— What the task requires —
Would you print the lines below exactly, beginning at the line that has "PARA peneliti di" and stopping after the line that has "Located at the"? Only those lines, and no pictures.

— Material for this task —
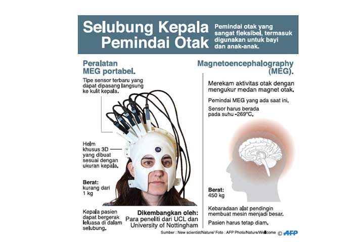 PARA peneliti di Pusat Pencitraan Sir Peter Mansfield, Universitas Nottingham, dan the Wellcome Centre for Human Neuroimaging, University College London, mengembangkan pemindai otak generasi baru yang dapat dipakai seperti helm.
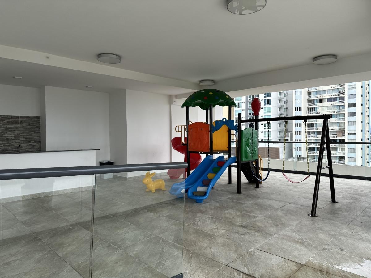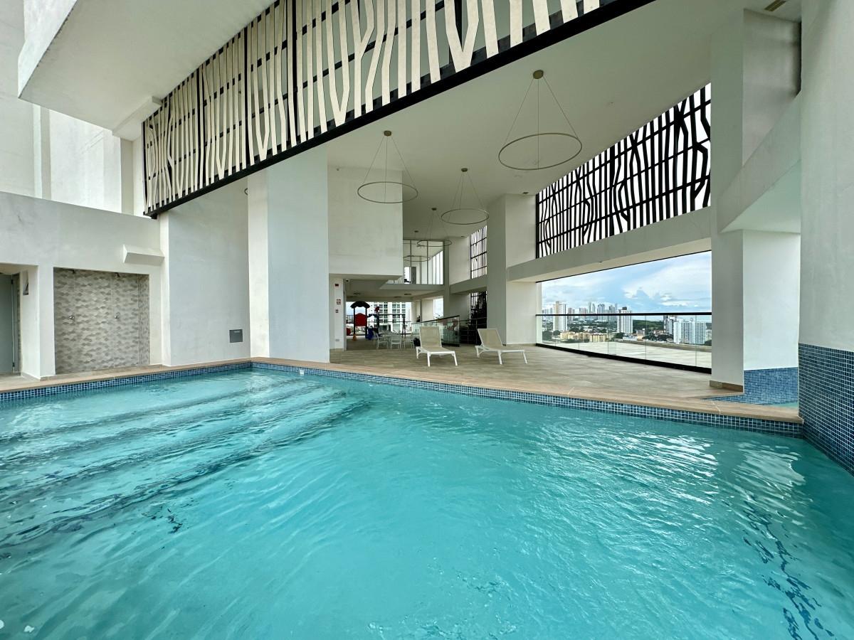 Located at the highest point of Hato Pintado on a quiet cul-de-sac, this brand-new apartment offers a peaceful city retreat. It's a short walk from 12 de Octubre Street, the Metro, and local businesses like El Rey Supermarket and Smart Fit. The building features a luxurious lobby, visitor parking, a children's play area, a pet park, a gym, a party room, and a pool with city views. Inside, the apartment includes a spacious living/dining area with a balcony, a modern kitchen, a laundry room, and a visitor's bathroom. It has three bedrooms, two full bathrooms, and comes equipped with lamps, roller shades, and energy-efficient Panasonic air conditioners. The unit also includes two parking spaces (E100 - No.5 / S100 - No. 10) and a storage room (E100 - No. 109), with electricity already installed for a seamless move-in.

---

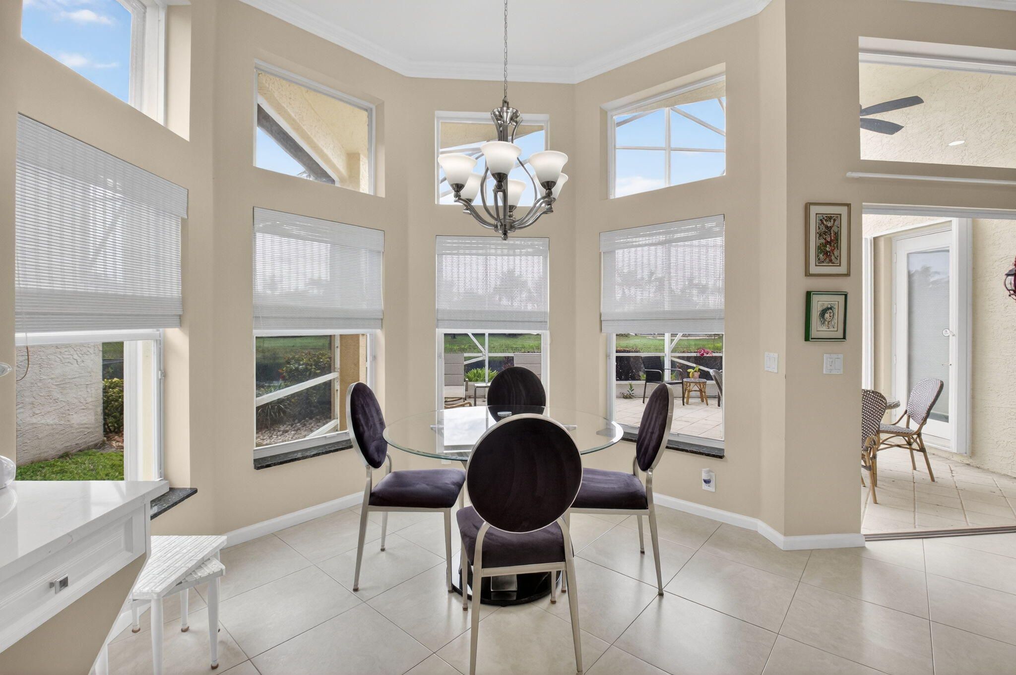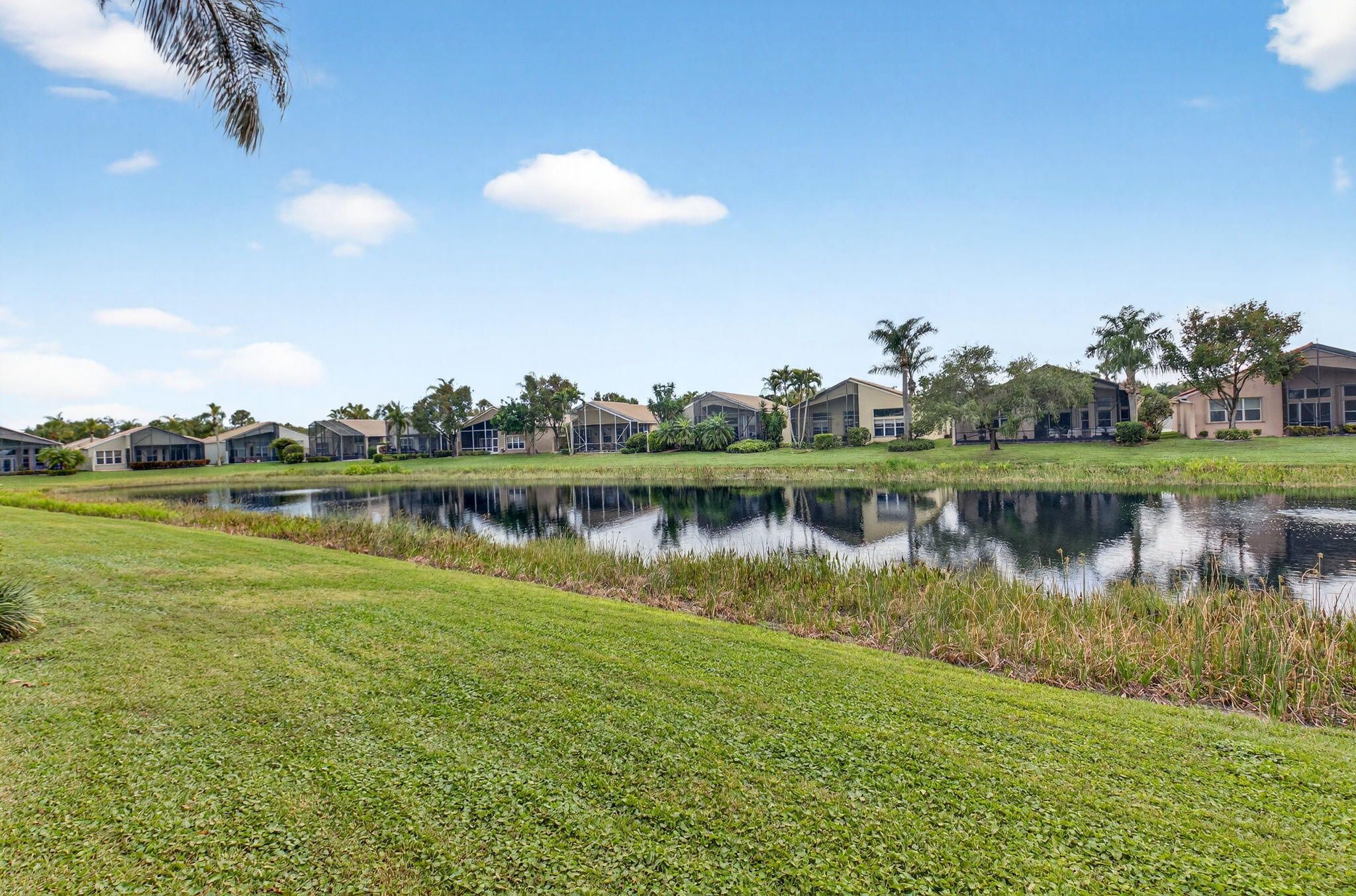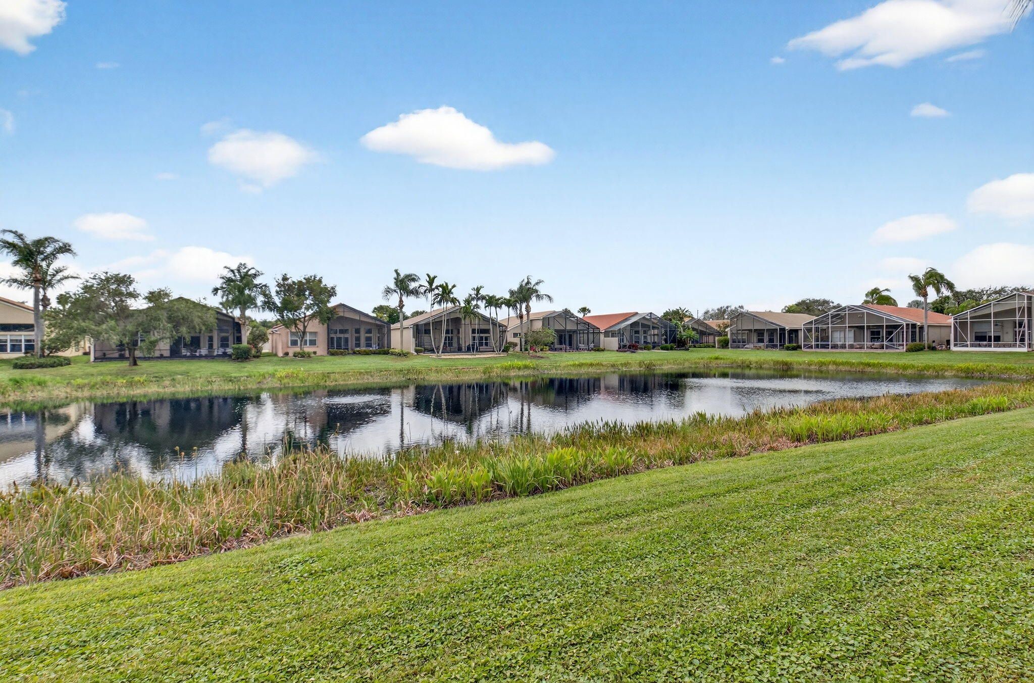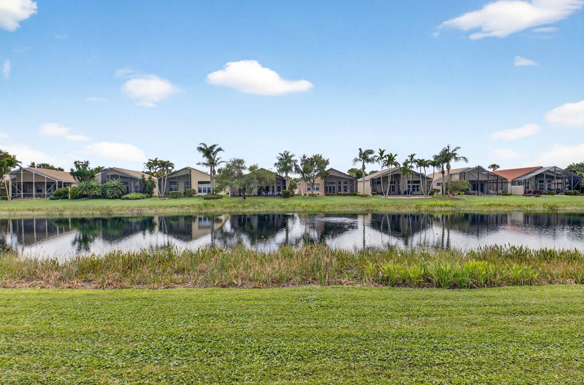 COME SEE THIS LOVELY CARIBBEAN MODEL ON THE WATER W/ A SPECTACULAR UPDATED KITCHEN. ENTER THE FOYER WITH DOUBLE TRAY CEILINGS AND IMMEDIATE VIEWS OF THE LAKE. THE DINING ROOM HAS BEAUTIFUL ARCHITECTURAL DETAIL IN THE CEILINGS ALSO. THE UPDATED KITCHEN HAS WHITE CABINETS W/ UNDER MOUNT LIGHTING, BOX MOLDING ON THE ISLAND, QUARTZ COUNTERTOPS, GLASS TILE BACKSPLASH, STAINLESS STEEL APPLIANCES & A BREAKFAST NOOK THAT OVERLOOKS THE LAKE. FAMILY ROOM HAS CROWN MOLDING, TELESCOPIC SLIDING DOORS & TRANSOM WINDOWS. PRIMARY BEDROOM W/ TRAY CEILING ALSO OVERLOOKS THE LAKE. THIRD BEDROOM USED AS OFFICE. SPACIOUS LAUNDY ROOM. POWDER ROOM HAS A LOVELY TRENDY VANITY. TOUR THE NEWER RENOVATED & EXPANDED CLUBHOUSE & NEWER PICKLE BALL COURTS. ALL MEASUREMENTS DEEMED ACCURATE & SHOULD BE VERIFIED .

— Written reply —
 PARA peneliti di Pusat Pencitraan Sir Peter Mansfield, Universitas Nottingham, dan the Wellcome Centre for Human Neuroimaging, University College London, mengembangkan pemindai otak generasi baru yang dapat dipakai seperti helm.
 Located at the highest point of Hato Pintado on a quiet cul-de-sac, this brand-new apartment offers a peaceful city retreat. It's a short walk from 12 de Octubre Street, the Metro, and local businesses like El Rey Supermarket and Smart Fit. The building features a luxurious lobby, visitor parking, a children's play area, a pet park, a gym, a party room, and a pool with city views. Inside, the apartment includes a spacious living/dining area with a balcony, a modern kitchen, a laundry room, and a visitor's bathroom. It has three bedrooms, two full bathrooms, and comes equipped with lamps, roller shades, and energy-efficient Panasonic air conditioners. The unit also includes two parking spaces (E100 - No.5 / S100 - No. 10) and a storage room (E100 - No. 109), with electricity already installed for a seamless move-in.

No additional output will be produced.